Home loan interest rates have gone up considerably over the past few years forcing many borrowers to either opt for higher equated monthly installments (EMIs) or a longer investment tenure. The increased burden of EMIs has caused some of them to miss out on their loan EMIs. Failing to pay an EMI for a loan, whether it's for a home, car, or personal expenses, can lead to various potential outcomes. These consequences depend on the bank's regulations, the loan type, and the precise terms outlined in your loan agreement.
This is the typical course of events when you fail to make the EMI payment for a loan:
Late payment charges: The overdue payment charge stands as a fine imposed by the lender when an EMI payment is not rendered punctually. The specific sum of this fee hinges on the lender's policies and the provisions outlined in the loan agreement. Generally, it falls within the range of one per cent to two per cent of the EMI value. For instance, if your EMI amounts to ₹10,000, and you fail to make a payment, you could face a late payment fee spanning from ₹100 to ₹200.
Penal interest: Penal interest refers to a form of interest imposed by a lender in cases where a borrower fails to make a timely EMI payment. This type of interest is typically set at a higher rate compared to the standard interest, and its inclusion can notably escalate the overall interest expense incurred on the loan.
The precise quantum of penal interest is subject to the lender's guidelines and the stipulations laid out in the loan agreement. Generally, it ranges from two to four per cent per month. For instance, if your EMI amounts to Rs. 10,000, and a payment is missed, you might face penal interest ranging from ₹200 to ₹400 each month.
Penal interest can exert a substantial influence on the cumulative interest sum for the loan. To illustrate, if one EMI is skipped and penal interest is imposed for 12 months, you could find yourself paying an additional ₹2,400 to ₹4,800 in interest.
Damaged credit score: Your credit score serves as a numerical representation used by lenders to evaluate your creditworthiness. Its computation takes into account various factors, encompassing your payment track record, the extent of your debt, and the duration of your credit history.
When an EMI payment is skipped, it registers as an adverse notation on your credit report. This can lead to a reduction in your credit score, ranging from 50 to 100 points, contingent upon the seriousness of the default and your overall credit history.
A diminished credit score can heighten the challenges of securing approval for forthcoming loans or credit card applications. Furthermore, it might result in elevated interest rates and charges on the loans you do manage to secure.

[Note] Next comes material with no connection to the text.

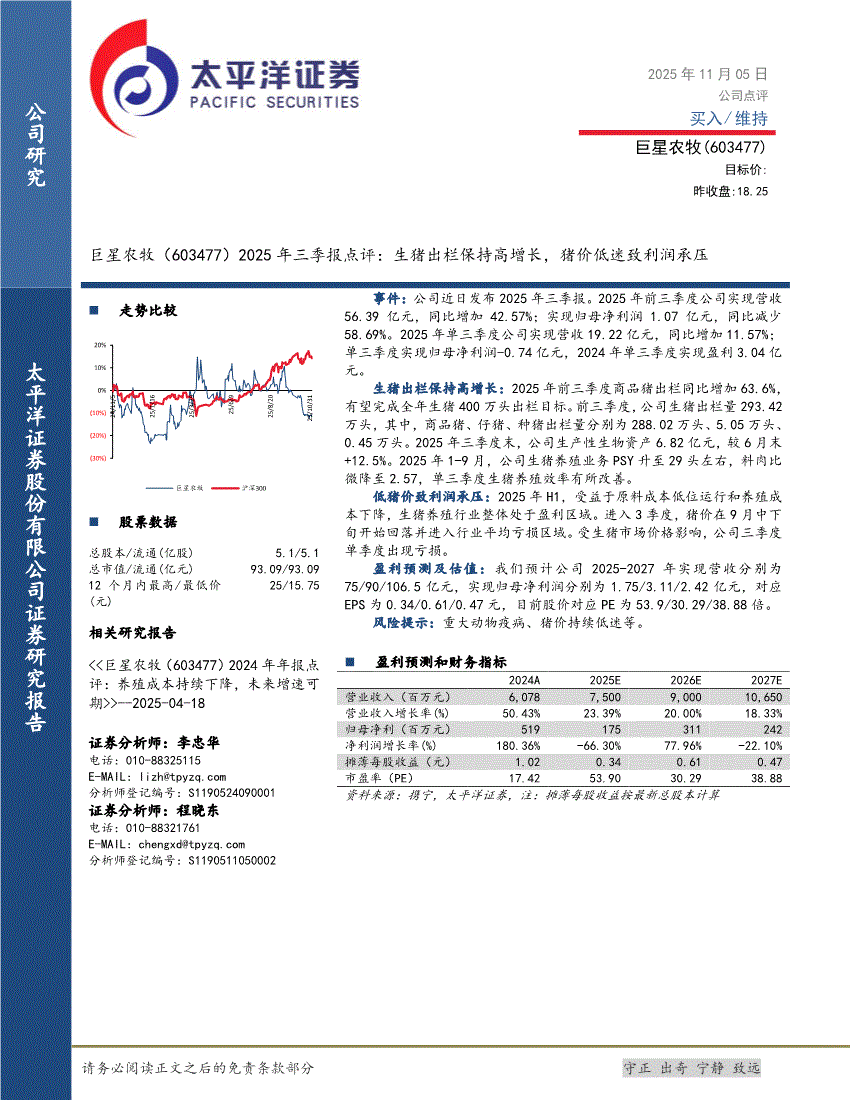 巨星农牧:太平洋证券-巨星农牧-603477-2025年三季报点评:生猪出栏保持高增长,猪价低迷致利润承压-251105

In the event of an EMI payment lapse, it's crucial to promptly take measures to mend your credit score. This can be achieved by consistently making all forthcoming payments punctually, decreasing your debt load, and extending the duration of your credit history.

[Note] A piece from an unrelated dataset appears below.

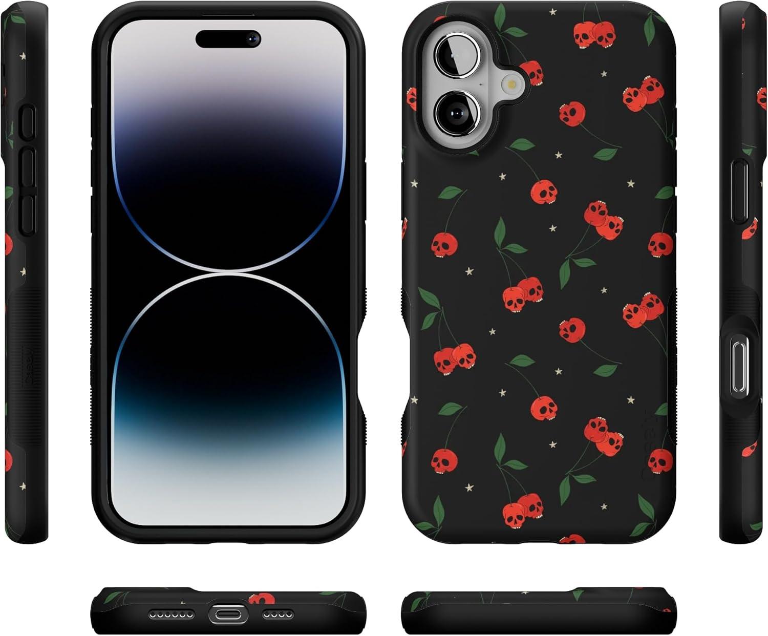 Casely iPhone 16 Case | All Smiles | Smiley Face Sticker | Bold Protective Design | MagSafe Compatible Design(Sweet Revenge | Cherry Skulls)

Collateral repossession: Obtaining a collateralized loan involves using an asset as security to ensure the repayment of the loan. In the event of a loan default, the lender has the authority to seize the collateral and sell it to recover the incurred losses.
Legal action: Persistent non-payment of EMI installments may prompt the lender to initiate legal measures against you. This could involve initiating a lawsuit or implementing wage garnishment. Legal recourse is a significant step that should be evaded whenever feasible. If you find it challenging to meet your EMI obligations, it's crucial to promptly get in touch with your lender. They might be able to collaborate with you in devising a feasible payment arrangement.
The repercussions of failing to meet a loan EMI are significant, underscoring the importance of adhering to timely payments. If you find yourself facing difficulties in meeting your obligations, it's crucial to promptly reach out to your lender to explore potential solutions.